As this week we celebrated the upcoming National Reconciliation Week within the College with an assembly, I took a look into the Archives and found a very significant time in the College’s history, whereby we came together with the local Wurundjeri people.

Barak Campus

Barak Campus naming ceremony

The first people who came to inhabit this area were the Wurundjeri people and for 40,000 years the land the College sits on has been part of their traditional homeland. The Wurundjeri did not live in permanent settlements, they moved around their land in seasonal patterns where and when food was plentiful. They camped for periods within their defined clan boundaries and exploited the various animal and plant resources available at different times of the year.

In 2000, the College decided to recognise the Wurundjeri connection to the land by naming the senior campus the Barak Campus, in honour of William Barak (pictured above), a traditional ngurungaeta (elder) of the Wurundjeri-willam clan who was an influential spokesman for Aboriginal social justice.

Born in 1823, not far away at Brushy Creek, North Croydon, it is believed he was a witness to the signing of John Batman’s treaty in 1835. When white settlement forced the Wurundjeri from their land, Barak worked to establish and protect Coranderrk, a self-sufficient Aboriginal community in Healesville.
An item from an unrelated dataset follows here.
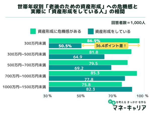 低所得者層の方が「資産形成に危機感がある」割合が高いが、高所得者層の方が「資産形成をしている」割合が高いという結果に。「世帯年収300万円未満」の「資産形成に危機感がある」人の割合と「資産形成をしている」人の割合に関しては、36.4ポイントの差がありました。

He lived most of his life there and became “a prominent figure in the struggle for Aboriginal rights and justice” before his death in 1903.

At the naming ceremony, Wurundjeri elder Murrundindi (pictured second from left) proclaimed “today we have reached a milestone; coming together for reconciliation by naming the campus ‘Barak’. This is what reconciliation is about; coming together and working as one people”.